Abstract
Objective
: This study evaluated natural language processing methods to extract clinical data from free text in surgical reports related to cardiac pacing and defibrillation in order to populate a registry.
Methods
: The information extraction system that we have developed is a name entity recognition system based on GATE using regular expressions. 232 reports were analyzed. For each report, we performed manual abstraction, we collected the information stored in the registry, and we performed information extraction with our system. Sensitivity, positive predictive value and accuracy were used to evaluate our method.
Results
: Our system extracted information, including numeric data, text and combination of numbers and strings, with a high sensitivity (>90%) and very high predictive positive value (>95%). It featured a precision that was higher than the precision of the original registry database populated by manual input.
Conclusion
This tool based on GATE open source components provides a robust approach to extracting information from documents related to a specific narrow domain such as pacemaker reports. Further evaluation is needed for application to broader domains.
Introduction
With more than 500,000 pacemaker implantations worldwide per year, cardiac resynchronization therapy alone or combined with an implantable defibrillator is a highly promoted medical treatment. The number of patients that underwent permanent pacemaker implantation has increased due to novel indications and socio-economic factors [1]. Device failures, as well as increasing global costs, led to the establishment of national and international registries to achieve quality assurance and improve patient safety [2–4]. As many others, the French national registry is a multi-centric electronic repository that collects information for each device implantation [5], including information about devices (e.g., serial number), clinical contexts (e.g., disease), and procedures (e.g., pacing mode) Data entry in registries relies on electronic forms and manual data input. It is independent from clinical follow-up and therefore remains labor intensive and costly, and exhaustiveness is an important and unsolved issue. On the other hand, most clinical data are stored in free text and Natural Language Processing (NLP) may be used to extract information from text [6] and avoid multiple entry of the same information.

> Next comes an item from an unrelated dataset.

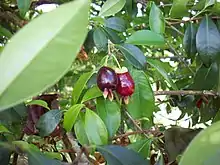 Eugenia involucrata, the Cherry of the Rio Grande, is an evergreen shrub native to Brazil which bears small fruits that are dark red to purple in color and have a sweet cherry-like flavor. They are hardy to 20F when mature, though younger plants should be protected from frosts. [2]

Several recent NLP systems have shown promising results in extracting information from medical narratives [7–10]. For example, to extract information from pathology reports, which contain poor narration and tabular data (such as pacemaker implantation reports), a preprocessor was integrated to MedLEE [7,11,16]. In a recent paper, Turchin used regular expressions (a metalanguage which describes string search patterns), to extract numeric data form free-text [12].
The objective of this paper is to study whether automated information extraction from free-text clinical reports may be used to help populate a pacemaker registry database. More precisely, we developed a system based on a limited set of rules and regular expressions to extract information related to the patients, the medical devices, and the procedures. The information extracted by our system was then compared to the information extracted by an expert and to the data stored in the registry.
Methods
This study compares the information extracted from medical narratives with the structured data stored in a national registry (Fig. 1).
Corpus
We built a corpus containing all the reports produced at the Department of Cardiology, Rennes University Hospital for patients that were implanted with a pacemaker or a defibrillator during year 2005. A total of seven cardiologists dictated those documents and all documents had approximately the same structure and contained the same items. All the reports were stored in Microsoft Word® 97/2000 format. This corpus is referred as the discharge summary set or ‘SCRIBE’ set (Fig 1).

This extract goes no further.